The best employees are not the agreeable ones - AuthorizedCust
https://work.qz.com/1309735/adam-grant-the-best-employees-are-not-the-agreeable-ones/
======
kendallpark
> They’re more likely to fight for what they believe in, challenge the status
> quo, and push the organization to make painful but necessary changes, he
> says.

A long time ago, I had a new employer that wanted me to hotfix non-critical
code changes to a live, popular website via FTP with no version control, no
nothing. Like a single typo could crash a high traffic site. I told them this
was extremely dangerous and irresponsible, and refused to do any changes until
we got the system under version control with a reasonable way to deploy
changes. This caused a huge standoff and I basically put my foot down and told
them that I wouldn't be deploying any changes until I got the client's website
under version control--they could dock my pay for the extra time it took, I
didn't care. Anyhow, I set up version control and a deployment strategy that
we could rollback (this only took a day or so). Then I made the changes and
educated the team on how to safely push changes to the site.

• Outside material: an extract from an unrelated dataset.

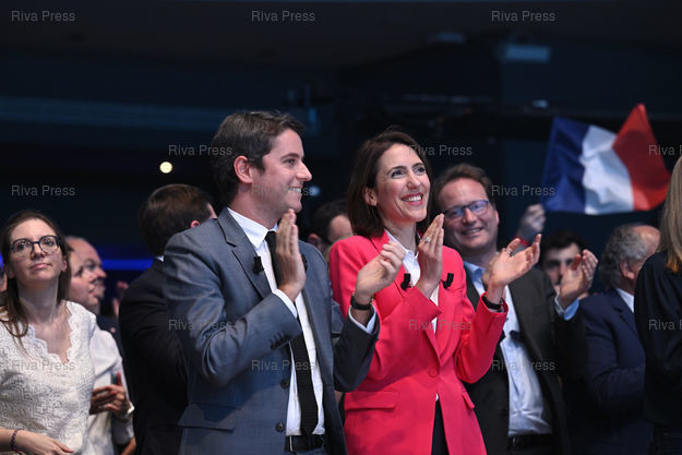 Légende : Meeting de campagne de la majorité présidentielle pour les élections européennes à la Maison de la Mutualité. Gabriel Attal - Valérie Hayer /// Campaign meeting of the presidential majority for the European elections at the Maison de la Mutualité. Gabriel Attal, prime minister - Valérie Hayer, head of list - Paris - 07/05/2024 - Photo © Lionel Préau +33 (0)6 68 12 83 77

A month or so later they decided to not renew my contract, but by then the
feeling was quite mutual.

I told this story while interviewing at what would be my next employer and it
worked as points in my favor.

EDIT: FWIW I consider myself a generally agreeable giver until a certain
threshold is crossed. One such threshold is stuff that moves into what I
consider to be ethically irresponsible behavior. Perhaps you would call this a
"selectively agreeable/disagreeable giver." There are "disagreeable givers"
that pick their battles wisely in terms of when to apply friction and when to
go along with the team. On the flip side there are those that will apply
friction to every little thing and might relish in complaining and "I told you
so"s and cowboying up their own solutions for every small disagreement.

EDIT2: Clarifying that the "hotfixes" were non-critical, normal code changes.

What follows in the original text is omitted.